Deshalb ist es durchaus verständlich, dass manche sagen: Trotz des deutschen Sprichworts "Gut" Ding will Weile haben " könnte manche Sanierung gerade auch auf der Museumsinsel durchaus ein bisschen schneller vonstatten gehen. Die Größe der Aufgabe erahnt man aber, wenn man sich allein die Dimensionen dieses Hauses anschaut. Deshalb betone ich es noch einmal: Wir stehen natürlich zu unserer Verantwortung.

Es gab wohl nur wenige andere Bauvorhaben im Kulturbereich, die in der Öffentlichkeit so umstritten waren man kann auch sagen: sehr viel Interesse gefunden haben und kontrovers diskutiert wurden wie die Sanierung des Neuen Museums. Ich kann aber nur sagen: Lieber Herr Chipperfield, das, was dabei herausgekommen ist, ist beeindruckend, das ist herausragend und das wird unsere Zeit prägen. Herzlichen Dank an Sie und Ihr Team für Ihre Arbeit.

Als ich mir das Gebäude angeschaut habe, als es noch weitgehend leer war, war ich fast verzagt, weil da noch etwas hinein soll. Denn das Gebäude stand eigentlich schon für sich. Viele Zehntausende haben es ja auch mit großer Freude besichtigt. Jetzt heißt es aber, darauf zu schauen, wie die Korrespondenz zwischen dem Gebäude und den Sammlungen gelingt. Da ich heute wegen anderer Verpflichtungen nicht mehr dabei sein kann, wenn gleich ein Rundgang gemacht wird, möchte ich sagen: Ich werde mir das noch in aller Ausführlichkeit anschauen. Jedenfalls bin ich mir sicher, dass der Besucherstrom der Gäste aus aller Welt nicht abreißen wird.

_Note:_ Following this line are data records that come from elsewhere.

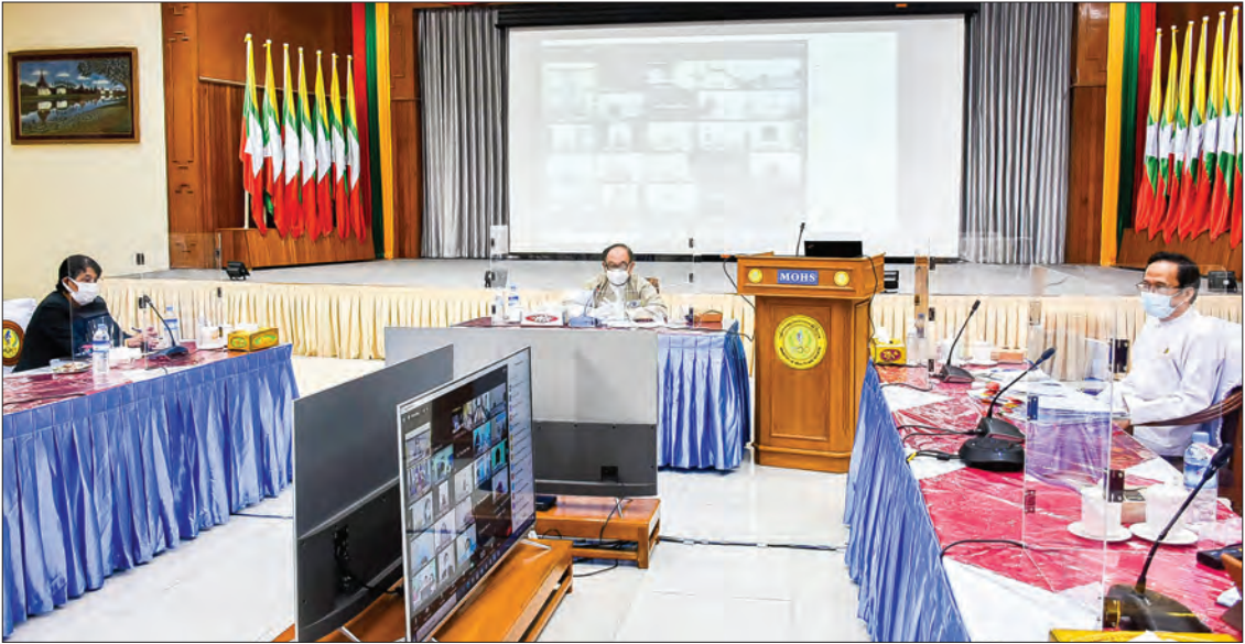
Union Minister Dr Myint Htwe coordinates the discussions to conduct pieces of training for health workers in COVID vaccination, on 13 January.

UNION Minister for Health and Sports Dr Myint Htwe led the first 'tabletop exercise' on 12 January, with the discussion about preparations for the countrywide COVID-19 vaccination programme in Myanmar. At the meeting, the Union Minister explained the reason for this exercise which is crucial for any major programme in public healthcare.
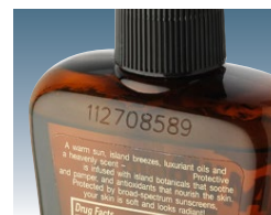
Laser code direct to spray bottle
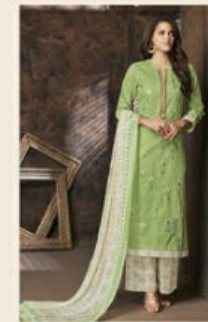
Z - 1A
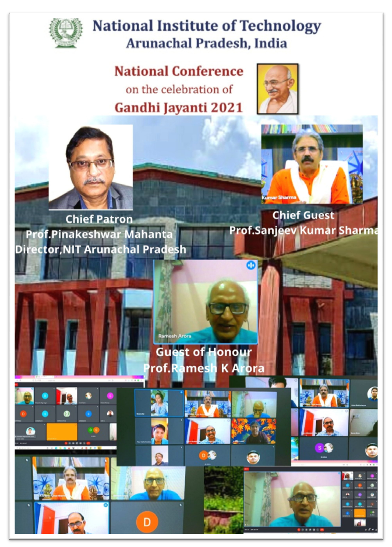
Poster: Gandhi Jayanti Celebration at NIT Arunachal Pradesh
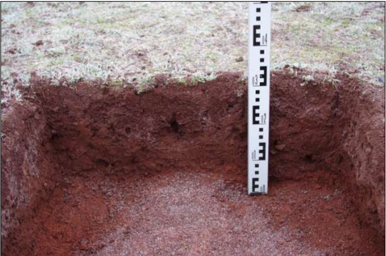
68. SOUTH-FACING SECTION OF TP#28; VIEWED FROM THE SOUTH.
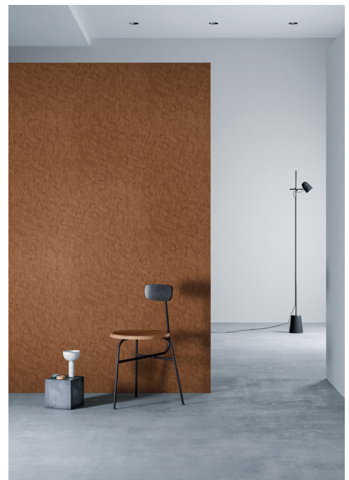
Product may vary in color, texture, finish and scale
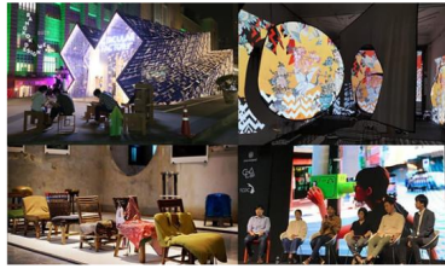
Figure 3: Bangkok Design Week (UNESCO Creative City, 2022)

Bangkok's activities as a creative city include Bangkok Design Week (BKKDW), acts as a multi-collaborative platform to integrate design, art, culture and other disciplines with more than 60 partners and 2000 collaborators from all sectors internationally. The main goals are to disseminate the importance of design as a tool for social and urban development as well as to promote local participation. Furthermore, Bangkok Creative District Network, the act of development multidisciplinary creative hubs that enhances the process of creation-production-dissemination in several areas in Bangkok including Charoenkrung Creative District. The project aims to foster a network of creative districts which will be used as a model for dissemination across Thailand and strengthen the economy both at a community and city level.
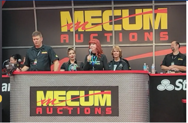
Mecum Auto Auction, Las Vegas, NV

The first group of custom helmet designs were presented to the public at the Mecum Car Auction held on November 10-12 at the Las Vegas Convention Center in Las Vegas, NV. Each of the artists used their unique talents to create a custom design and paint it on a KIRSH Helmet. A few of the artists even came down to the event to see their helmets on display.
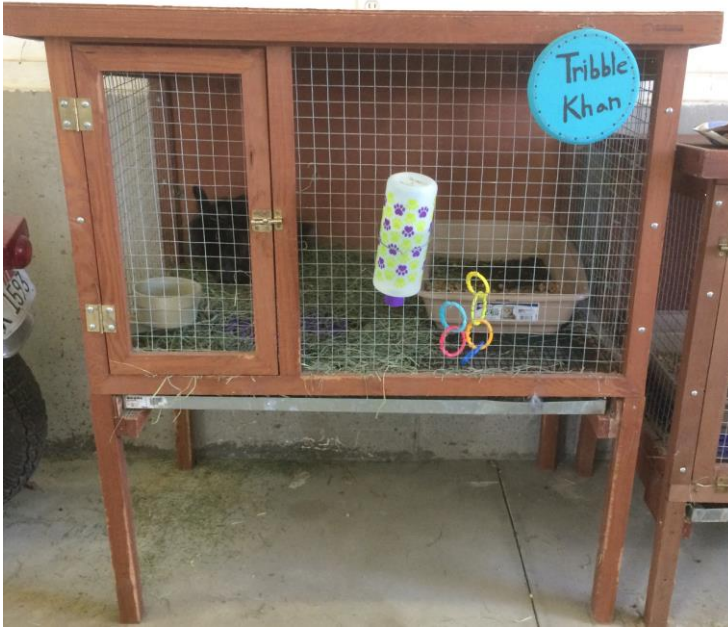
Figure 2.9 Sparkle's Cage Currently Occupied by Tribble.
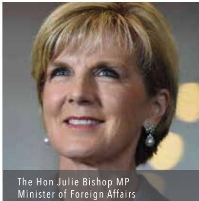
The Hon Julie Bishop MP Minister of Foreign Affairs

The Hon Malcolm Turnbull MP, Prime Minister of Australia
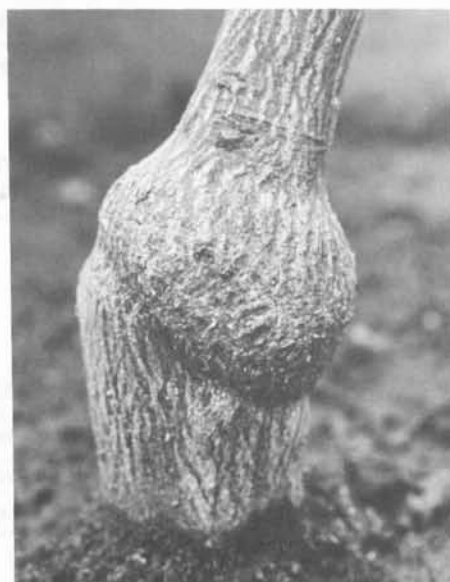
Fig. 2. Scion swelling of Satsuma on P. trifoliata root, six years after inoculation.

Young leaves collected from bud-union-creased Satsuma budlings were used for mechanical inoculations to cow-
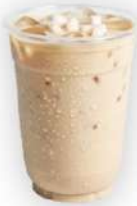
O-coco Milk Tea
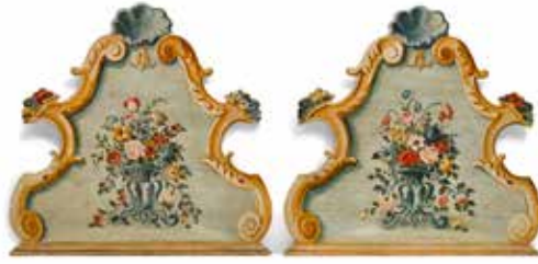
394 A PAIR OF ITALIAN ROCOCO STYLE PAINTED WOOD W HEADBOARDS 20th century height 41in (104cm); width 42 1/4in (108cm) $1,000 - 1,500
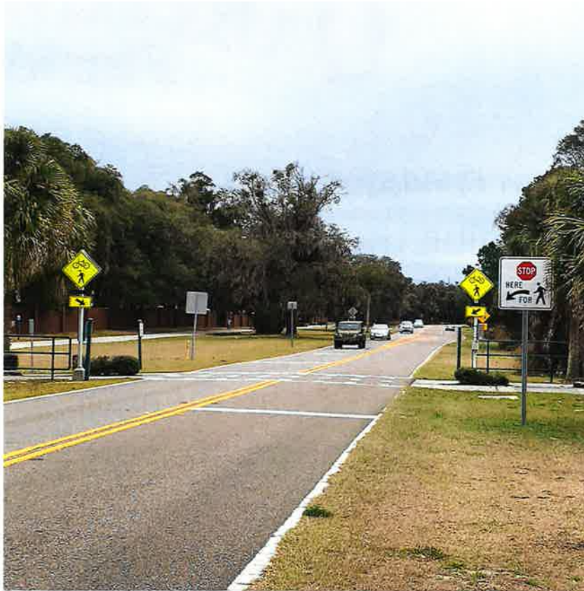
Markham Road – Trailhead crossing
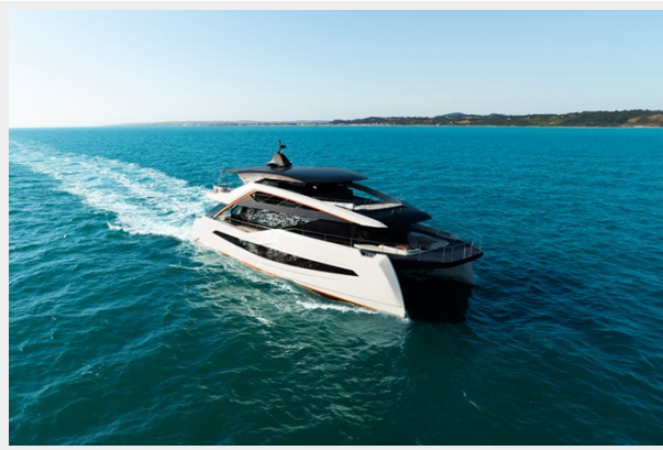
WhatsApp Image 2024-08-24 at 12.19.52
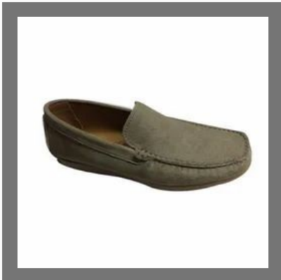
Men's Loafer Shoes
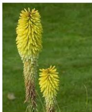
Kniphofia 'Percy's Pride... appeltern.nl
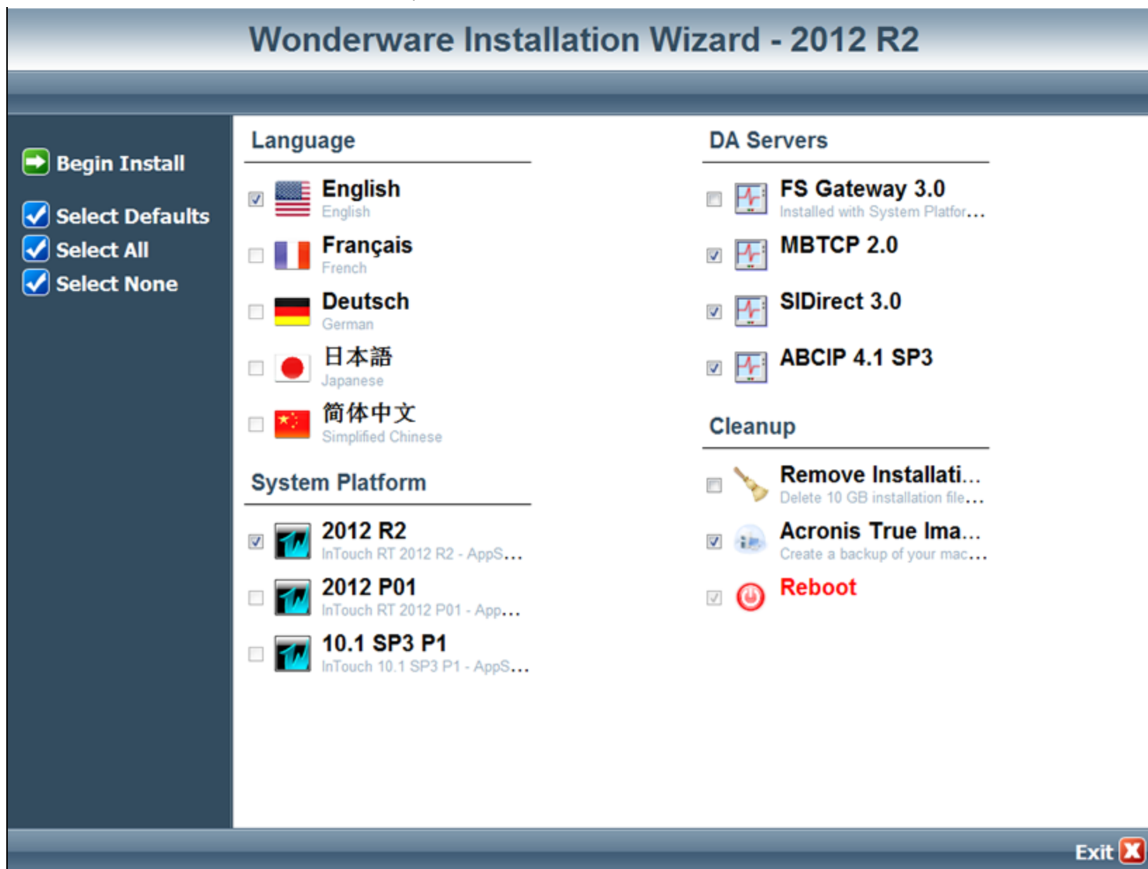
FIGURE 2: WONDERWARE INSTALLATION WIZARD ON WINDOWS 7

Ich möchte all denen, die dieses Werk ermöglicht haben von den Handwerkern über die Restauratoren bis hin zu den Mitarbeiterinnen und Mitarbeitern ein herzliches Dankeschön sagen. Ich möchte aber auch sagen: Nicht alle Arbeitsplätze dieser Welt sind so schön wie die, die Sie haben. Es muss richtig Spaß machen, hier tätig zu sein. Viel Glück. Und herzlichen Dank.